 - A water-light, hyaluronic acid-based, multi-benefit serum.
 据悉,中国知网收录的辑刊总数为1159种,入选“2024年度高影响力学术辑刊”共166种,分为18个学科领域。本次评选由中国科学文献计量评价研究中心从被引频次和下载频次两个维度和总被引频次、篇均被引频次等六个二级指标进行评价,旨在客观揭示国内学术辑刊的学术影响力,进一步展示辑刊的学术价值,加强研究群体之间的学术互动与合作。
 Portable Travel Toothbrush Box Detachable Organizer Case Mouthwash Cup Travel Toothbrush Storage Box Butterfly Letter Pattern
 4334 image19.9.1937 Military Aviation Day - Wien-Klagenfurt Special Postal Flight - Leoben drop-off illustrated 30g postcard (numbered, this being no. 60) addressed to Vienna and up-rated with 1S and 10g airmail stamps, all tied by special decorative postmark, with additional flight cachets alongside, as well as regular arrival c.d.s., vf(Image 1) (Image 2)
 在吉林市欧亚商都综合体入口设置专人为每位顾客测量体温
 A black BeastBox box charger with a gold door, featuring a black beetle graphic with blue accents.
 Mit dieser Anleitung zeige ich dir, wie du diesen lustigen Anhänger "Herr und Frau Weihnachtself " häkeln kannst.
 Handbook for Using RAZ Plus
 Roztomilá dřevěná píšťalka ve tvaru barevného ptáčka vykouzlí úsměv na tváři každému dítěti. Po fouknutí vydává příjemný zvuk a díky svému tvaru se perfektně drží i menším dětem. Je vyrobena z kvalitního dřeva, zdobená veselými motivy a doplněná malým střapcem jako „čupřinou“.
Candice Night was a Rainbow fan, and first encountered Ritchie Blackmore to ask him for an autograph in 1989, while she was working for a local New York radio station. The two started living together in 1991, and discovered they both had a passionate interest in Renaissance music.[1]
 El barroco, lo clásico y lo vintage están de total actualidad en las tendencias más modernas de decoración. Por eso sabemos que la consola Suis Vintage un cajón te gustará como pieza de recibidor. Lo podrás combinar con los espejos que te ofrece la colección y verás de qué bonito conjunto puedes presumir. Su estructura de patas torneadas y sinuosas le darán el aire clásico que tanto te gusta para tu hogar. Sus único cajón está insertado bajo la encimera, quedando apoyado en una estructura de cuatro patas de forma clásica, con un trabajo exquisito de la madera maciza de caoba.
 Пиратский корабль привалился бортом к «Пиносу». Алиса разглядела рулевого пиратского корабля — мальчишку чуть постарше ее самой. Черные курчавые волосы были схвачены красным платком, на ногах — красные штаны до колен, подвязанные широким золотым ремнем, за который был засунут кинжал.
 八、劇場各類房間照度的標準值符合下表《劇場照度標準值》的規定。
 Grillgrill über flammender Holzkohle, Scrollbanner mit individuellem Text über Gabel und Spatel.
──────────────────────────────
(Exercise instructions)
Hand back the material above in full, exactly as written.

(Answer box)
 - A water-light, hyaluronic acid-based, multi-benefit serum.
 据悉,中国知网收录的辑刊总数为1159种,入选“2024年度高影响力学术辑刊”共166种,分为18个学科领域。本次评选由中国科学文献计量评价研究中心从被引频次和下载频次两个维度和总被引频次、篇均被引频次等六个二级指标进行评价,旨在客观揭示国内学术辑刊的学术影响力,进一步展示辑刊的学术价值,加强研究群体之间的学术互动与合作。
 Portable Travel Toothbrush Box Detachable Organizer Case Mouthwash Cup Travel Toothbrush Storage Box Butterfly Letter Pattern
 4334 image19.9.1937 Military Aviation Day - Wien-Klagenfurt Special Postal Flight - Leoben drop-off illustrated 30g postcard (numbered, this being no. 60) addressed to Vienna and up-rated with 1S and 10g airmail stamps, all tied by special decorative postmark, with additional flight cachets alongside, as well as regular arrival c.d.s., vf(Image 1) (Image 2)
 在吉林市欧亚商都综合体入口设置专人为每位顾客测量体温
 A black BeastBox box charger with a gold door, featuring a black beetle graphic with blue accents.
 Mit dieser Anleitung zeige ich dir, wie du diesen lustigen Anhänger "Herr und Frau Weihnachtself " häkeln kannst.
 Handbook for Using RAZ Plus
 Roztomilá dřevěná píšťalka ve tvaru barevného ptáčka vykouzlí úsměv na tváři každému dítěti. Po fouknutí vydává příjemný zvuk a díky svému tvaru se perfektně drží i menším dětem. Je vyrobena z kvalitního dřeva, zdobená veselými motivy a doplněná malým střapcem jako „čupřinou“.
Candice Night was a Rainbow fan, and first encountered Ritchie Blackmore to ask him for an autograph in 1989, while she was working for a local New York radio station. The two started living together in 1991, and discovered they both had a passionate interest in Renaissance music.[1]
 El barroco, lo clásico y lo vintage están de total actualidad en las tendencias más modernas de decoración. Por eso sabemos que la consola Suis Vintage un cajón te gustará como pieza de recibidor. Lo podrás combinar con los espejos que te ofrece la colección y verás de qué bonito conjunto puedes presumir. Su estructura de patas torneadas y sinuosas le darán el aire clásico que tanto te gusta para tu hogar. Sus único cajón está insertado bajo la encimera, quedando apoyado en una estructura de cuatro patas de forma clásica, con un trabajo exquisito de la madera maciza de caoba.
 Пиратский корабль привалился бортом к «Пиносу». Алиса разглядела рулевого пиратского корабля — мальчишку чуть постарше ее самой. Черные курчавые волосы были схвачены красным платком, на ногах — красные штаны до колен, подвязанные широким золотым ремнем, за который был засунут кинжал.
 八、劇場各類房間照度的標準值符合下表《劇場照度標準值》的規定。
 Grillgrill über flammender Holzkohle, Scrollbanner mit individuellem Text über Gabel und Spatel.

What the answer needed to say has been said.